BlockValues

BlockValues.i6t

BlockValues contents

Overview.

Each I7 value is represented at run-time by an I6 word: on the Z-machine, a 16-bit number, and on Glulx, a 32-bit number. The correspondence between these numbers and the original values depends on the kind of value: "number" comes out as a signed twos-complement number, but "time" as an integer number of minutes since midnight, "rulebook" as the index of the rulebook in order of creation, and so on.

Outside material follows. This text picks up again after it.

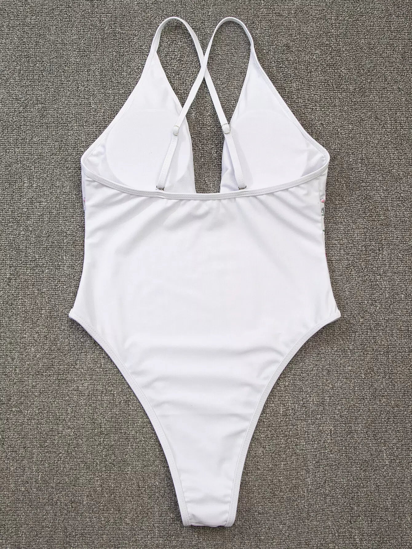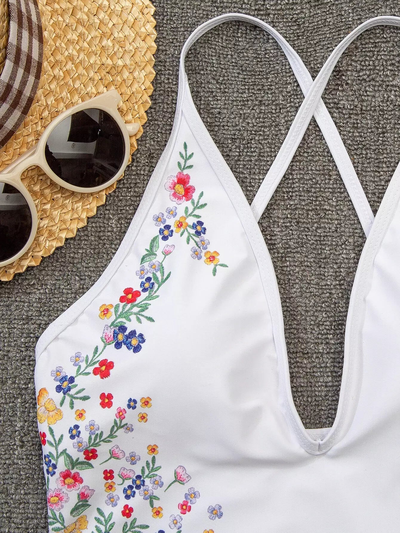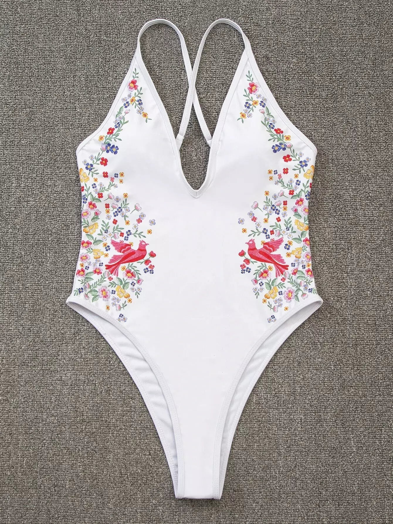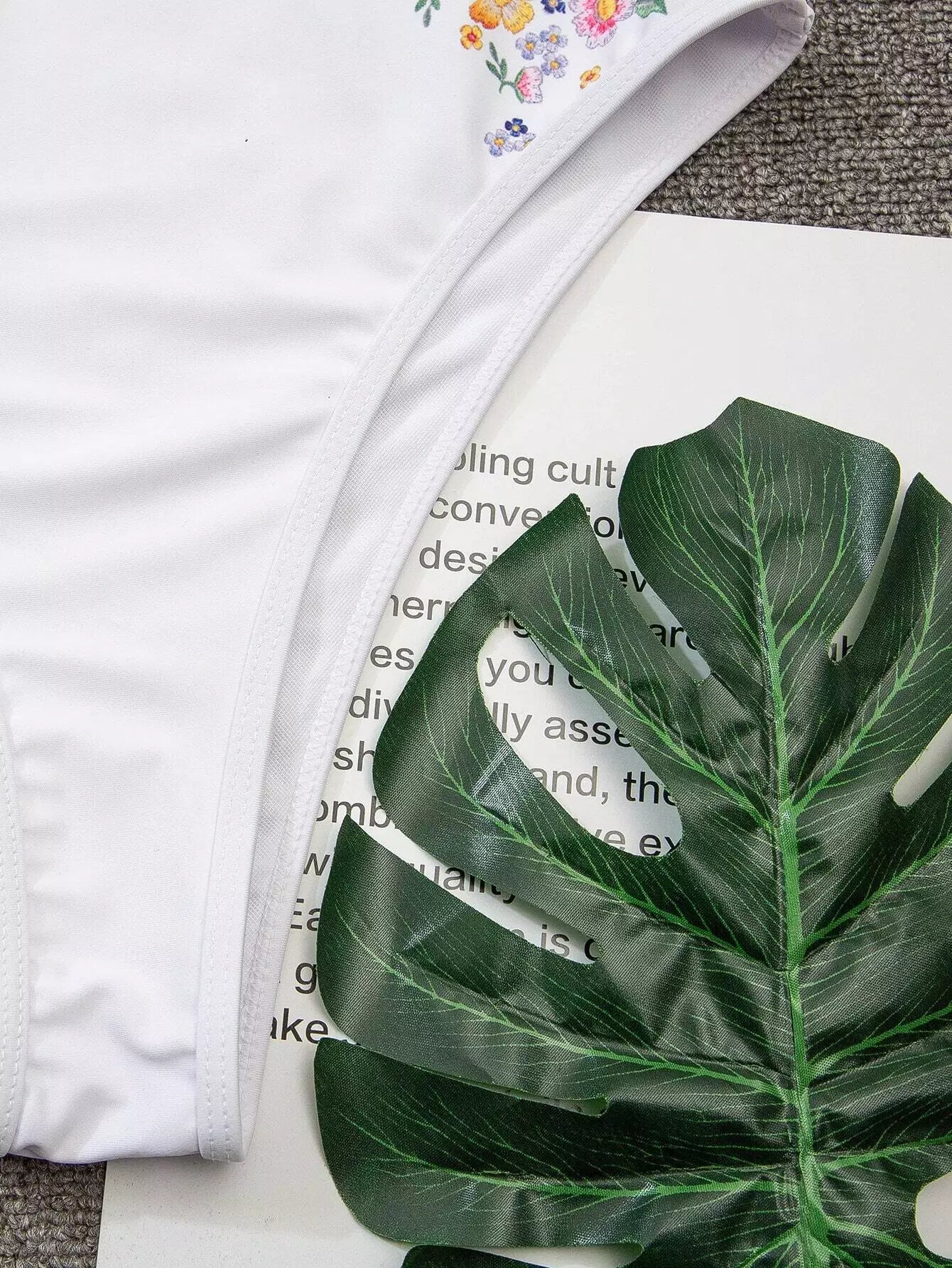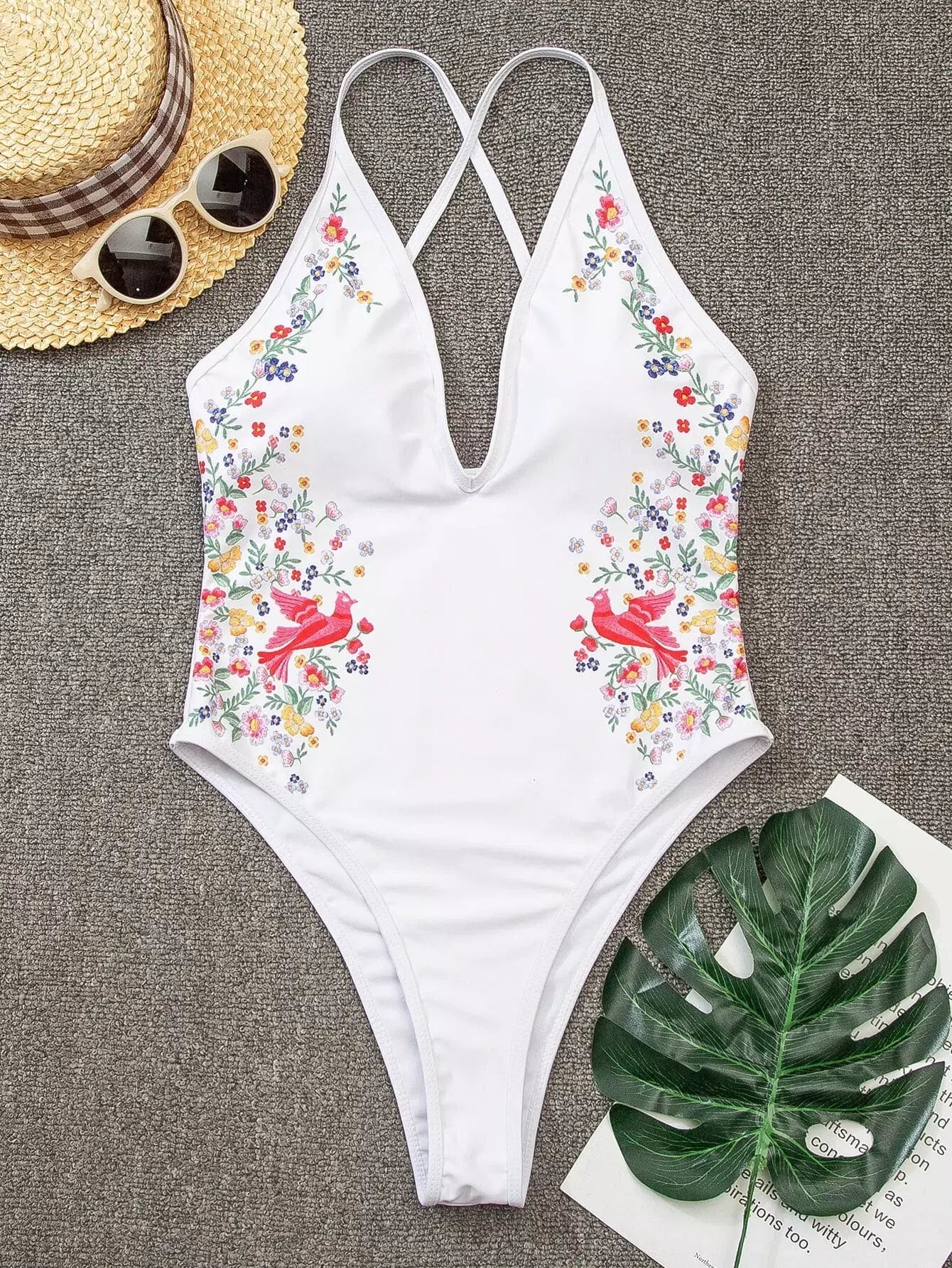 بدلة سباحة بقطعة واحدة بطبعة زهور وطيور متقاطعة

Even if a 32-bit number is available, this is not enough to represent the full range of values we might want: consider all the possible hundred-word essays of text, for instance. So for a whole range of kinds – "text", "list of K", "stored action" and so on – the I6 value at run-time is only a pointer to what is called a "short block". This is typically only a few words long, and often only a single word: hence the term "short". It has no header or other overhead, and its contents depend on the kind of value.

If we know that a given kind of value can be stored in, say, exactly 128 bits, then it's possible simply to store the whole thing in the short block. More often, though, the data needs to be flexible in size, or needs to be large. In that case, the short block will include (and sometimes, will consist only of) a pointer to data stored in a "long block". Unlike the short block, the long block is a chunk of memory stored using the Flex system, and thus is genuinely a "block" in the sense of the Flex documentation.

It's possible to have several different short blocks each pointing to the same long block of underlying data: for example, the result of the I7 code

let L1 be { 2, 3, 5, 7, 11 }; let L2 be L1;

is to create L1 and L2 as pointers to two different short blocks, but the two SBs each point to the same long block, which contains the data for the list 2, 3, 5, 7, 11. Note that this makes it very fast to copy L1's contents into L2, because only L2's short block needs to change.

The rules for customers who want to deal with values like this are much like the rules for allocating memory with Flex. Calling BlkValueCreate creates a new value, but this must always, and only once, later be disposed of using BlkValueFree.

So if the short blocks of L1 and L2 both point to the same long block of actual data, what happens when only one of them is freed? The answer is that every long block has a reference count attached, which counts the number of short blocks pointing to it. In our example, this count is 2. If list L1 is freed, the long block's reference count is decremented to 1, but it remains in memory, and only L1's short block is given up; when list L2 is subsequently freed, both its short block and the now unwanted long block are given up.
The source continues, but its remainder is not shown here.